A plausible explanation for the increase in predation rates, the 2017 report notes, "could simply be due to the time of year where more predators are spending more time hunting for trout because of the reproductive life cycles."

In other words: "There's hungry mouths at home that need to be fed."

But to reach that conclusion, the report said more study is needed on predation rates in other parts of the state.

The first year's results "answered many key questions on why the Flat Brook "catch and release" area is not holding trout to expected levels," Shramko wrote, "but it also unearthed, as studies often due, more questions about movement and predation rates in the Flat Brook system."

I enjoyed reading the article and think the research is worthwhile, however, I have some reservations about its purpose. Results seem to indicate there is quite a bit of natural predation. So, how will these results affect the Division's future decisions?
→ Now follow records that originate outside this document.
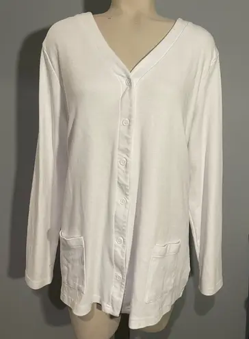 Blair woman’s white v-neck button front cardigan top shirt size large - $15 - From Renee
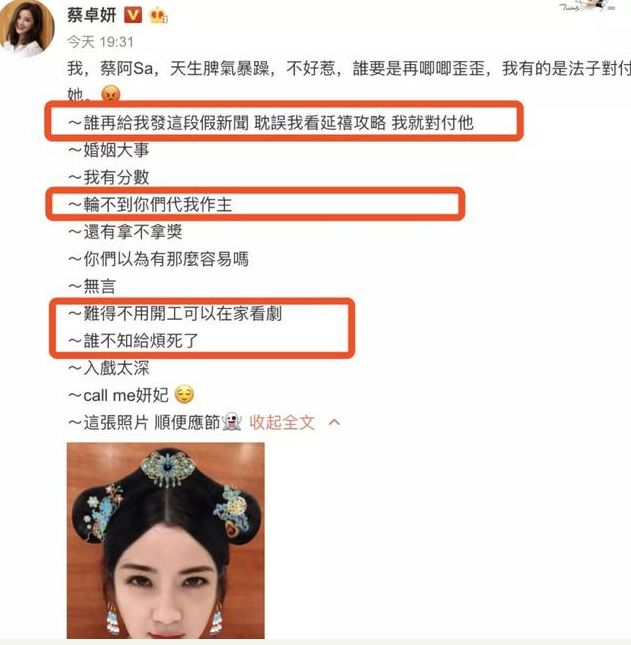 这本是件好事,然而蔡卓妍却在微博大发雷霆,还引用魏璎珞的话来怒斥造谣的人。
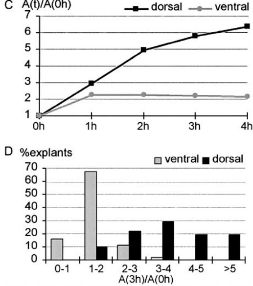 size [A (0h)]. (D) Spreading behaviour of dorsal and ventral groups of cells. For each region the sizes of 45 explants (five pooled experiments)
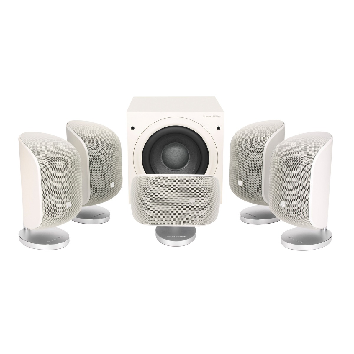 Bowers & Wilkins MT50 pack 5.1 comprend 5x enceintes B&W M-1 MKII + 1x caisson de grave B&W ASW608. Idéal pour une installation home-cinéma compacte mais musclée !
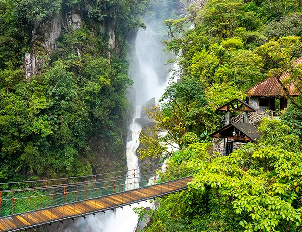 Idag kör du till Baños de Agua Santa, en charmig stad vid foten av den aktiva Tungurahua-vulkanen. Staden är känd för sitt spektakulära läge och sitt milda klimat, omgiven av gröna berg och brusande floder.
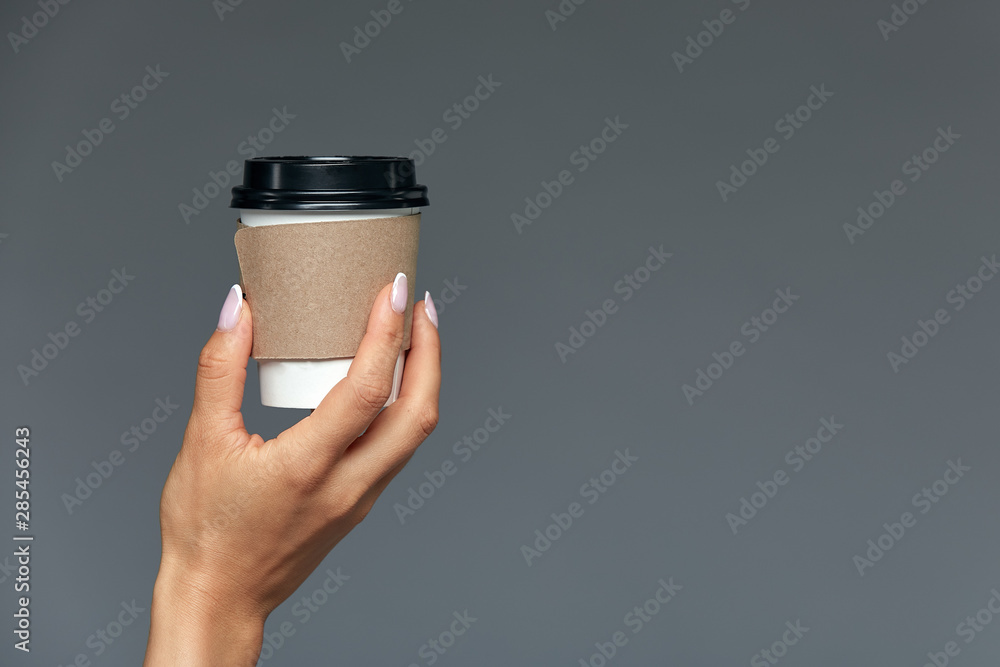 A beautiful female hand offers a hot drink, tea or coffee in a disposable natural glass on a light gray background. CONCEPT start of the day with a cup of coffee
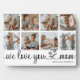 Cute mother's day photo plaque featuring an 8 photo collage template of the kids, the saying 'we love you mum' in a elegant script floral font, and the childrens names.
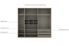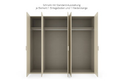 - System-Kleiderschrank bestehend aus 1 Schrankkorpus 150 Grundelement, 1 Schrankkorpus 100 Anbauelement, 1 Dekor-Tür, 2 Dekor-Türen-Paaren und 1 Griff-Set
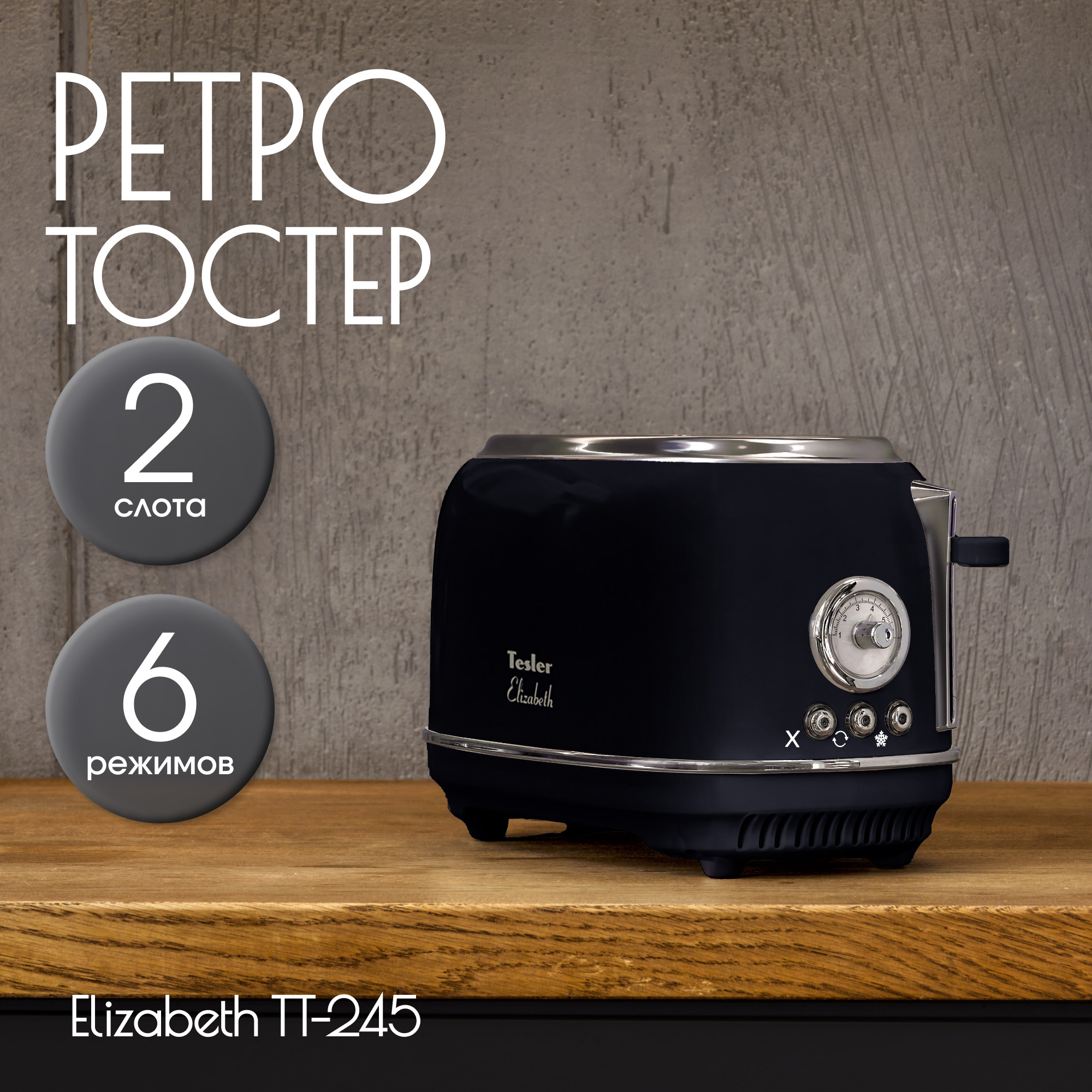 Тостер Tesler Elizabeth TT-245 из линейки кухонных приборов Elizabeth поможет приготовить идеальные тосты. Он быстро разогреет, поджарит или разморозит ломтики хлеба. От вас требуется только выбрать одну из 6 доступных степеней прожарки и опустить рычаг - всё остальное Elizabeth TT-245 сделает сам.
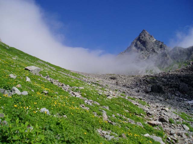 昨日の槍ケ岳のお花畑は、台風前の好天に恵まれ、霧のはいり具合もよく幻想的な一
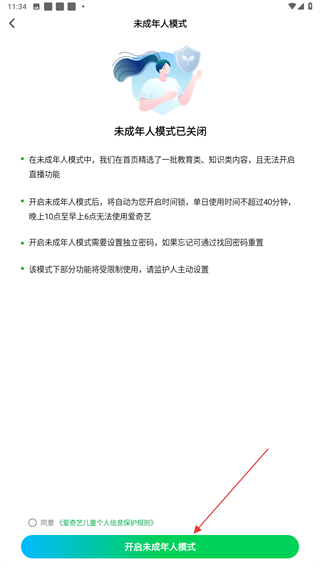 5、了解該模式后,點(diǎn)擊下方開(kāi)啟未成年人模式即可。
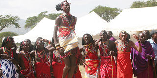 Maasai morans display their dancing skills during a leaders meeting in Kiserian, Kajiado County. T
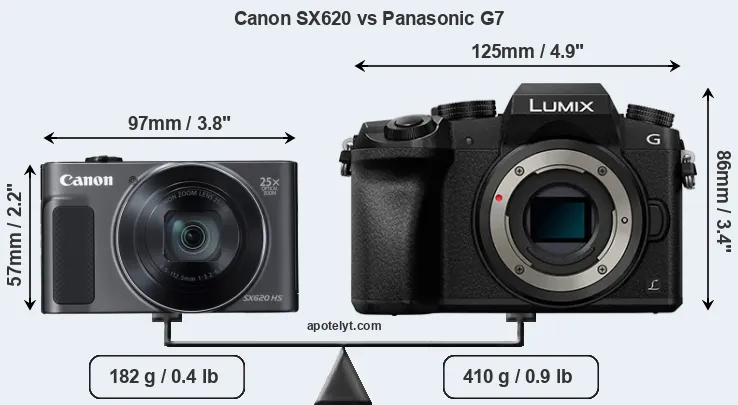 The physical size and weight of the Canon SX620 and the Panasonic G7 are illustrated in the side-by-side display below. The two cameras are presented according to their relative size. Three consecutive perspectives from the front, the top, and the back are available. All size dimensions are rounded to the nearest millimeter.
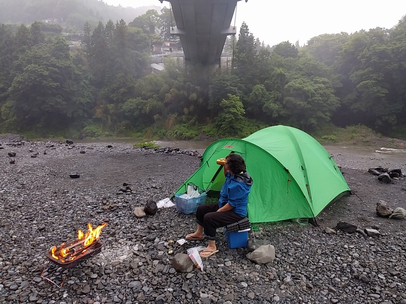 前日の金曜日は、川井キャンプ場に泊まって朝発メンバーを待ちます。天気予報は決して良くありませんが、キャンプ場に電話したところ、河原に泊まっても大丈夫ということでした。
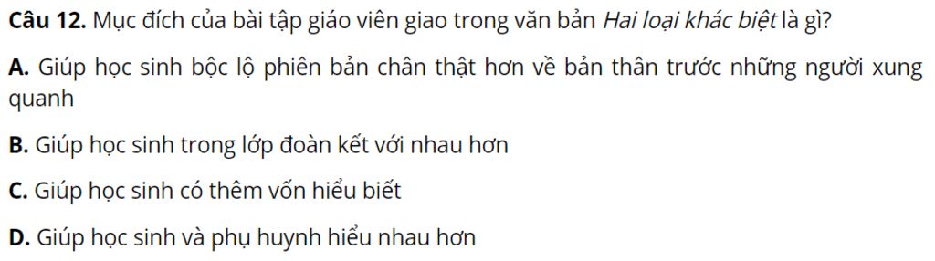Mục đích của bài tập giáo viên giao trong văn bản Hai loại khác biệt là gì?

"More study is needed" & "expected levels" is administrative jargon to justify a need to continue to find justification to continue the survey and to continue to certify someone's "expectations" that the Flatbrook can sustain more trout stocking. Finding scientific data to support expectations is hardly a scientific approach. It seems there is a pre-conceived notion that the "Brook" can and will (and must) hold an increased trout population if more fish are stocked; and the Division will go to any length to prove its point.

I just think the council members need to re-evaluate the goals of the trout stocking program. They just should not cater to every special interest group that has economic and political support. Everyone pays the same license fees, yet those with political clout and the most vociferous voices get their way. If the state stocks more trout in the C&R stretches then someone, somewhere else is going to be receiving fewer trout. If the C&R stretches can not support a sizeable population of trout unless more and more fish are stocked, then what is the sense of having those designated areas just for the pleasure of a few special interest groups? New Jersey is not Wyoming. The Flatbrook and South Branch are not the Bighorn or Yellowstone.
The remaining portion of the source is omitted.